• STUDY MATERIAL
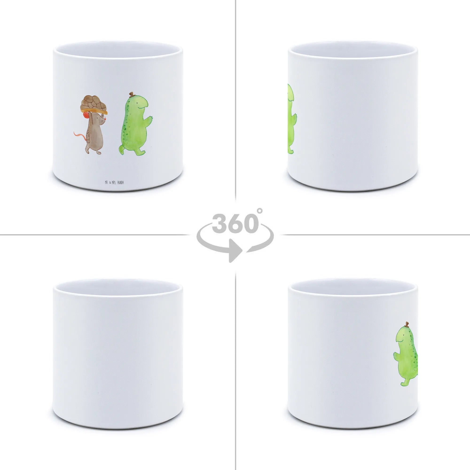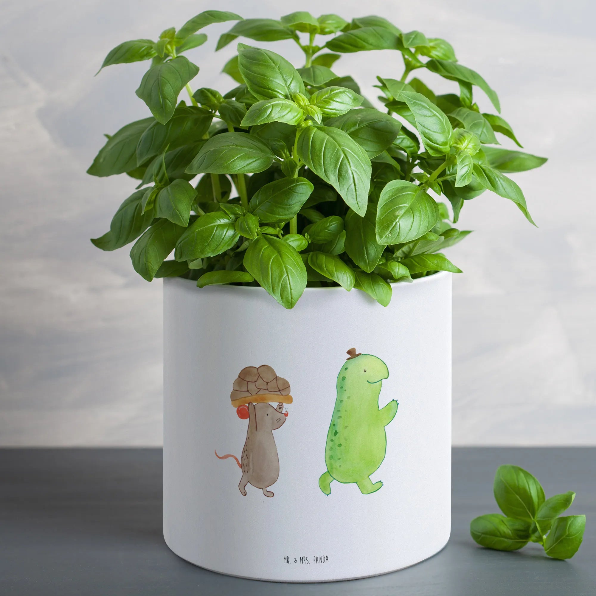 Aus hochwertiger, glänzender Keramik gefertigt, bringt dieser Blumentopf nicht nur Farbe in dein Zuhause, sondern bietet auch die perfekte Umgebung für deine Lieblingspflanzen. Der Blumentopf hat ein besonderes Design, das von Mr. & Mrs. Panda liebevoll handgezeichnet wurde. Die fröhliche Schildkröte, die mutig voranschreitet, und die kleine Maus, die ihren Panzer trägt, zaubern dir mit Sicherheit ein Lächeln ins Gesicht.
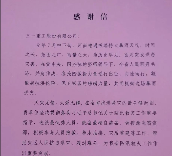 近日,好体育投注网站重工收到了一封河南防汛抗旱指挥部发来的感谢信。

---

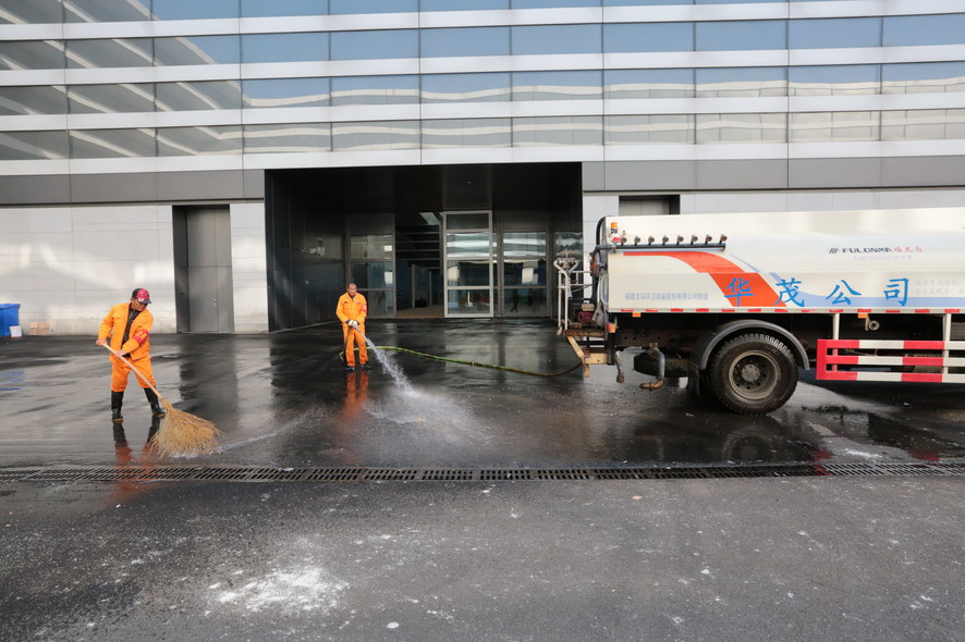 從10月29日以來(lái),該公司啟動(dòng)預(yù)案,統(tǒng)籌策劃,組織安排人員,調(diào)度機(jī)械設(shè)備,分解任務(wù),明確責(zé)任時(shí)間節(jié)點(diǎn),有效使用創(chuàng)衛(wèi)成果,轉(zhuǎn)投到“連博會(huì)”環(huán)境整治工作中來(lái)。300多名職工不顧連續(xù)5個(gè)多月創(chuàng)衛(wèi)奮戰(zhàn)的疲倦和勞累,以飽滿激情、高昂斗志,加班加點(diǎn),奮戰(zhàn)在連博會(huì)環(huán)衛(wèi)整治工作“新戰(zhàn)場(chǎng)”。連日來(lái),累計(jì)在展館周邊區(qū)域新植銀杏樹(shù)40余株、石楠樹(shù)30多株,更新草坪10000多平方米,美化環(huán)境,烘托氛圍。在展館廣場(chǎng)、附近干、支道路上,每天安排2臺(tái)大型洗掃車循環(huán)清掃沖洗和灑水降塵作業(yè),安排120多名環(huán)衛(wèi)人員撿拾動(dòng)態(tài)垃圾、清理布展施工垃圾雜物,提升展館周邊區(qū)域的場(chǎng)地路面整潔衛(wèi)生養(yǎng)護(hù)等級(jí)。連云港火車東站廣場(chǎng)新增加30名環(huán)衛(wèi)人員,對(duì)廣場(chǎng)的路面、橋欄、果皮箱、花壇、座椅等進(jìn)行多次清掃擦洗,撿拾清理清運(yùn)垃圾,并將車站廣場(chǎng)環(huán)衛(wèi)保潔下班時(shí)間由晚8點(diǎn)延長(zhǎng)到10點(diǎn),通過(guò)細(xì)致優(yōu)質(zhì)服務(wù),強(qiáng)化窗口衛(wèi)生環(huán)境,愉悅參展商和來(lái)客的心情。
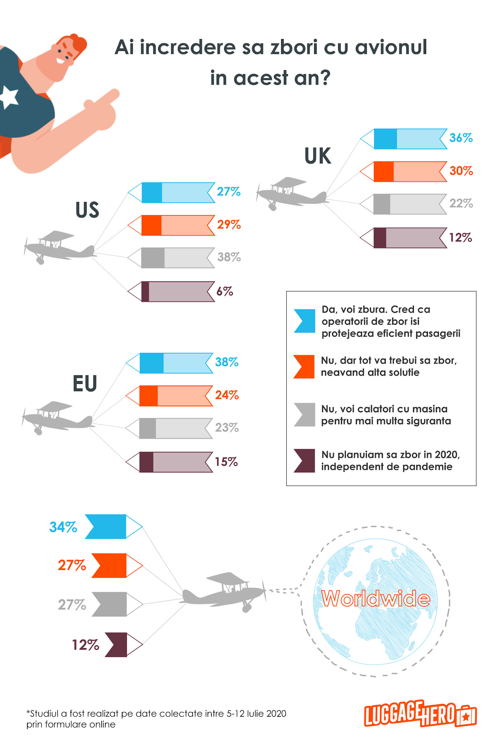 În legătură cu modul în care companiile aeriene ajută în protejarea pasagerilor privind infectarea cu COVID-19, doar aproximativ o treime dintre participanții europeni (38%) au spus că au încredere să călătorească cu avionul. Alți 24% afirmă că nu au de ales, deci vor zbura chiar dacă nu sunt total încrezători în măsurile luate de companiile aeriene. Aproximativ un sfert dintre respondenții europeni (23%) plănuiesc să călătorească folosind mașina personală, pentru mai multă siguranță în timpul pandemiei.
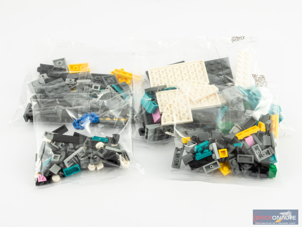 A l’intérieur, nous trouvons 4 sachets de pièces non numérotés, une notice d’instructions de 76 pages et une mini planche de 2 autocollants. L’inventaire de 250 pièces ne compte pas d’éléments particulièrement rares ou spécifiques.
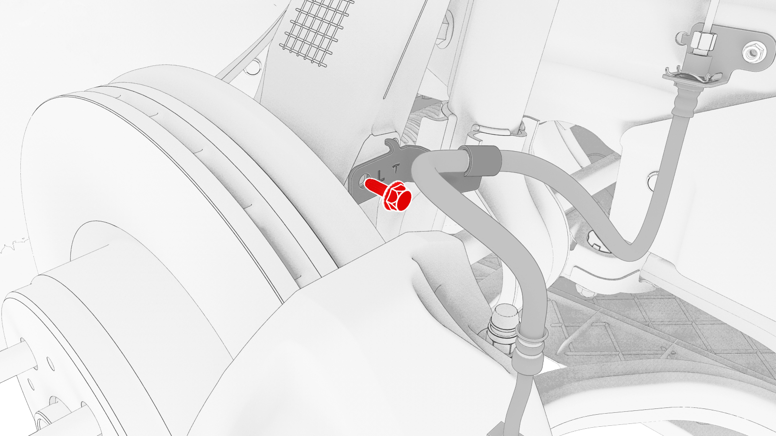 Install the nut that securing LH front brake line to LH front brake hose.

* * *

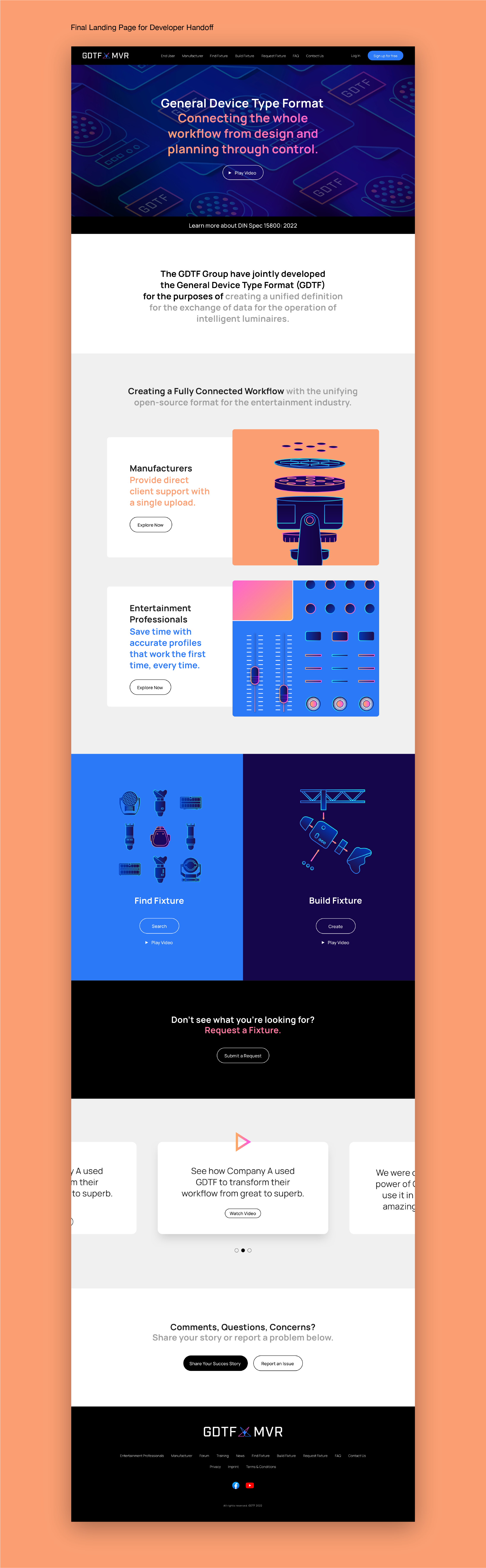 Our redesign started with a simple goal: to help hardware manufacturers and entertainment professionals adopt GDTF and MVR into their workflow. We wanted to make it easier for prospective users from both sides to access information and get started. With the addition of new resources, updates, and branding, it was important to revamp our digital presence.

• BRIEF
Exactly the lines above, from the one containing "În legătură cu" down to the one containing "Install the nut", are to be repeated, including both ends. Pictures are not part of the copy.

• OUTPUT OF THE EXERCISE
 În legătură cu modul în care companiile aeriene ajută în protejarea pasagerilor privind infectarea cu COVID-19, doar aproximativ o treime dintre participanții europeni (38%) au spus că au încredere să călătorească cu avionul. Alți 24% afirmă că nu au de ales, deci vor zbura chiar dacă nu sunt total încrezători în măsurile luate de companiile aeriene. Aproximativ un sfert dintre respondenții europeni (23%) plănuiesc să călătorească folosind mașina personală, pentru mai multă siguranță în timpul pandemiei.
 A l’intérieur, nous trouvons 4 sachets de pièces non numérotés, une notice d’instructions de 76 pages et une mini planche de 2 autocollants. L’inventaire de 250 pièces ne compte pas d’éléments particulièrement rares ou spécifiques.
 Install the nut that securing LH front brake line to LH front brake hose.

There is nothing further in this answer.